[[ GIVEN DATA open ]]

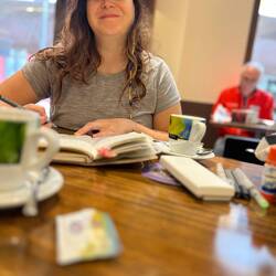 Last day of training for Roxanne before she leaves for Paris flight. We go to Pioneer Park with full packs and trekking poles. We’ve done many pack shakedowns where we try to decide if carrying XY&Z is really that important. We get a weight lifting session with the best trainer around, Rilee Lacey. She worked out our arms today. Gonna need strength in those arms for trekking up hills with pole working hard. Then it’s to the Sassy Biscuit for some Camino like cafe fun.Læs mere
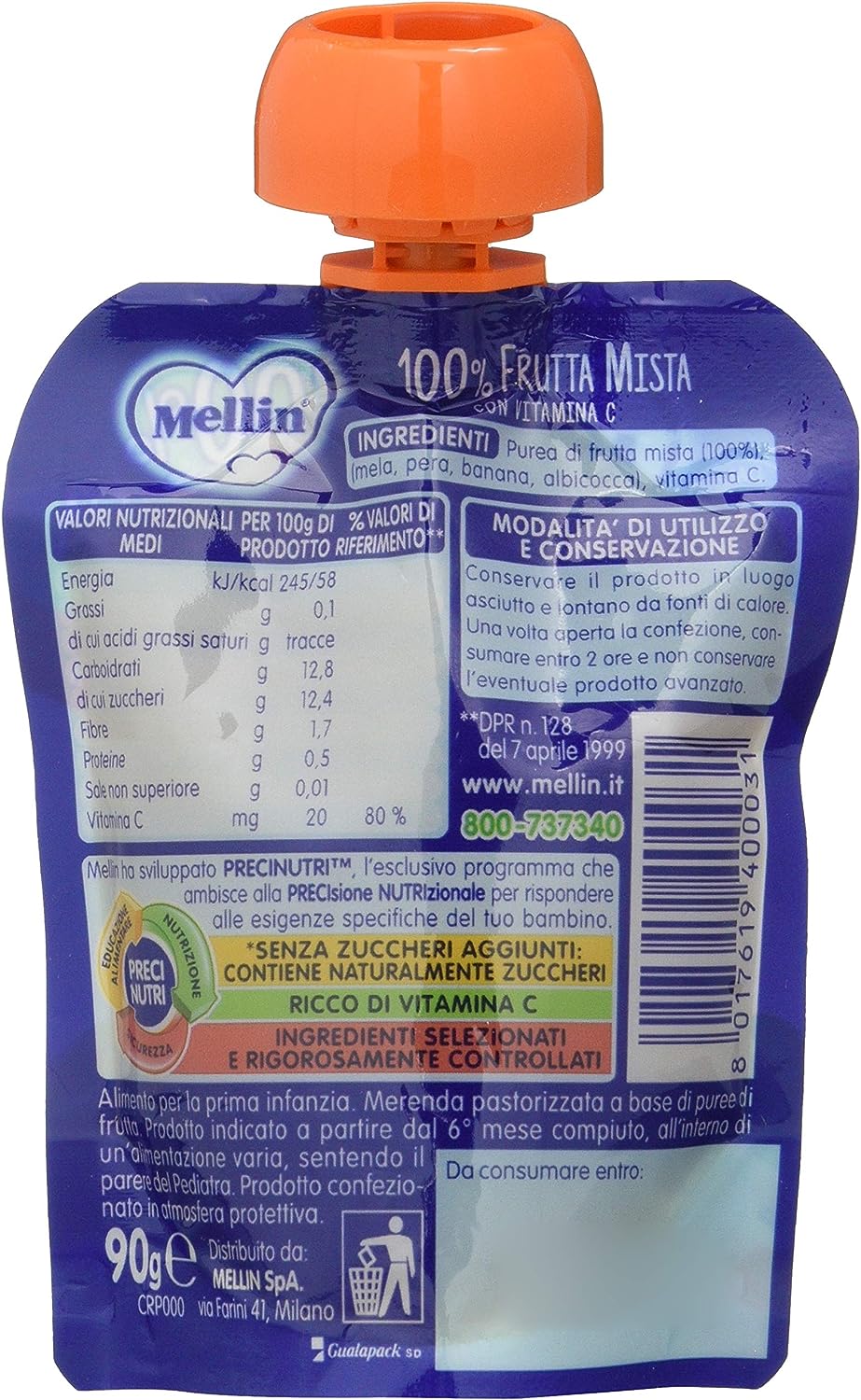 Mellin Pouch Merenda Frutta Mista Con Vitamina C, 90 g, Confezione da 6
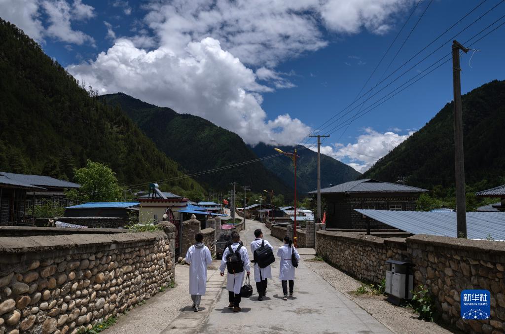 6月12日,入戶診治結(jié)束后,王振疆(左二)、王彤旭(右二)、陳冰(右一)和尼瑪益西走向村委會(huì)。新華社記者 費(fèi)茂華 攝
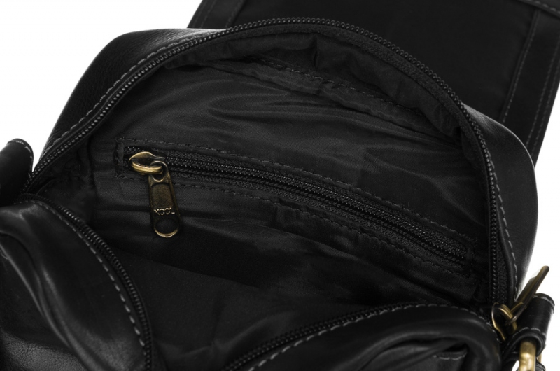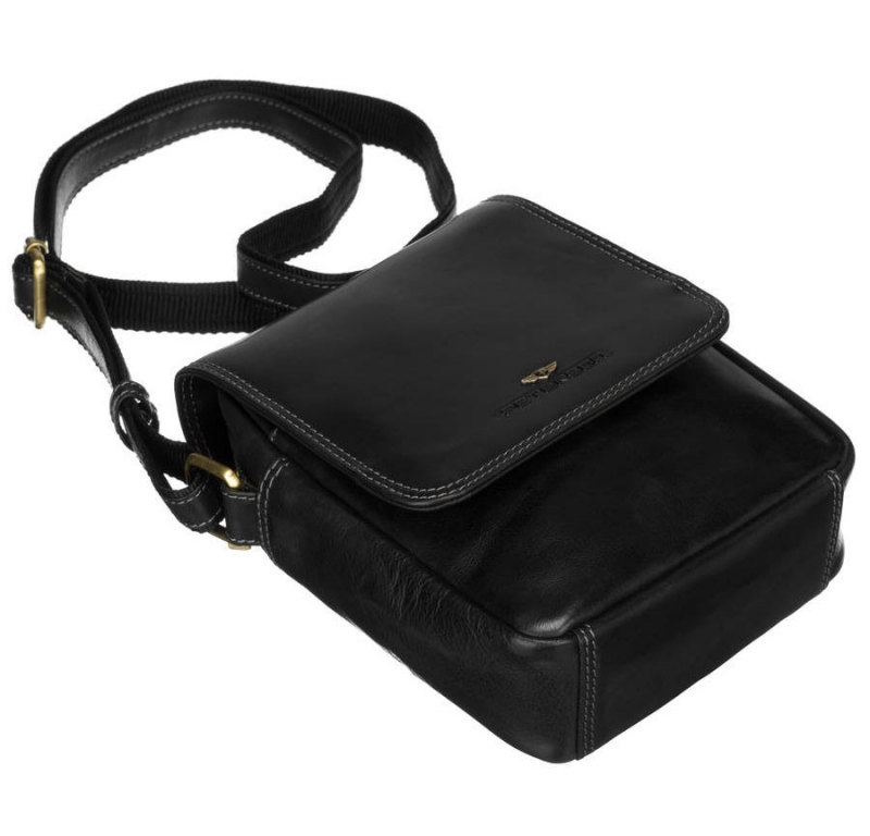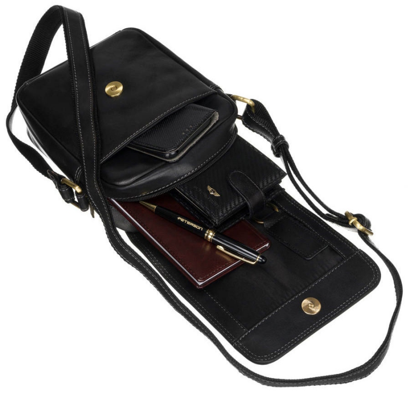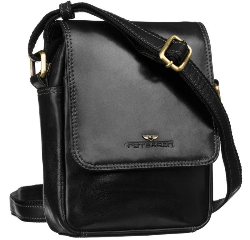Čierna pánska kožená taška cez rameno Peterson je vyrobená z kvalitnej prírodnej kože. Pánska značková crossbody je rozdelená na hlavné veľké vrecko, ktoré sa uzatvára pomocou zipsu a otvorené predné vrecko. Celá taška sa potom uzatvára pomocou klopy na magnetický patent. Zadná strana pánskej koženej tašky taktiež obsahuje uzatvárateľné vrecko na zips.
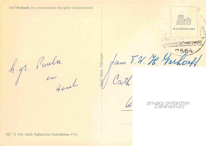 72824828 alte Postkarte Forbach Baden Murgtal postalisch gelaufen Erhaltung siehe scans [LiesaD40] KatCode: 11110008216013
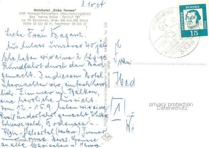 73615357 alte Postkarte Hohegeiss Harz Waldhotel Dicke Tannen Terrasse Gastraum postalisch gelaufen Erhaltung siehe scans [WerneD78] KatCode: 11110003153003
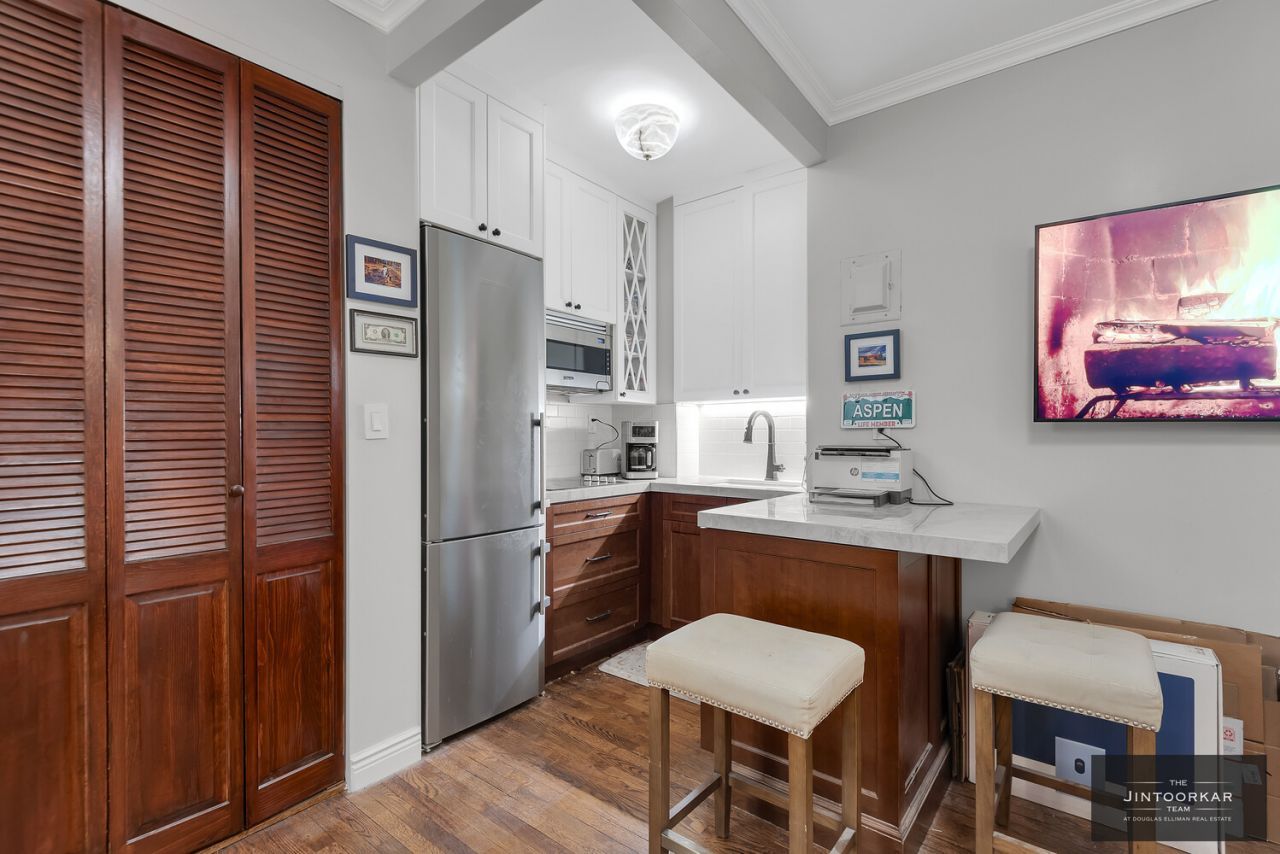 Apt 3B boasts an array of modern key unit features designed for both comfort and functionality. The kitchen is equipped with stainless steel appliances, including a Blomberg refrigerator, complemented by quartz countertops and a subway tile backsplash. The inclusion of a farm sink adds a touch of elegance, making this space ideal for culinary enthusiasts.

[[ GIVEN DATA closed ]]

-- WORK REQUEST --
The whole listing above is to be printed exactly; the pictures stay out.

-- ANSWER SPACE --
 Last day of training for Roxanne before she leaves for Paris flight. We go to Pioneer Park with full packs and trekking poles. We’ve done many pack shakedowns where we try to decide if carrying XY&Z is really that important. We get a weight lifting session with the best trainer around, Rilee Lacey. She worked out our arms today. Gonna need strength in those arms for trekking up hills with pole working hard. Then it’s to the Sassy Biscuit for some Camino like cafe fun.Læs mere
 Mellin Pouch Merenda Frutta Mista Con Vitamina C, 90 g, Confezione da 6
 6月12日,入戶診治結(jié)束后,王振疆(左二)、王彤旭(右二)、陳冰(右一)和尼瑪益西走向村委會(huì)。新華社記者 費(fèi)茂華 攝
Čierna pánska kožená taška cez rameno Peterson je vyrobená z kvalitnej prírodnej kože. Pánska značková crossbody je rozdelená na hlavné veľké vrecko, ktoré sa uzatvára pomocou zipsu a otvorené predné vrecko. Celá taška sa potom uzatvára pomocou klopy na magnetický patent. Zadná strana pánskej koženej tašky taktiež obsahuje uzatvárateľné vrecko na zips.
 72824828 alte Postkarte Forbach Baden Murgtal postalisch gelaufen Erhaltung siehe scans [LiesaD40] KatCode: 11110008216013
 73615357 alte Postkarte Hohegeiss Harz Waldhotel Dicke Tannen Terrasse Gastraum postalisch gelaufen Erhaltung siehe scans [WerneD78] KatCode: 11110003153003
 Apt 3B boasts an array of modern key unit features designed for both comfort and functionality. The kitchen is equipped with stainless steel appliances, including a Blomberg refrigerator, complemented by quartz countertops and a subway tile backsplash. The inclusion of a farm sink adds a touch of elegance, making this space ideal for culinary enthusiasts.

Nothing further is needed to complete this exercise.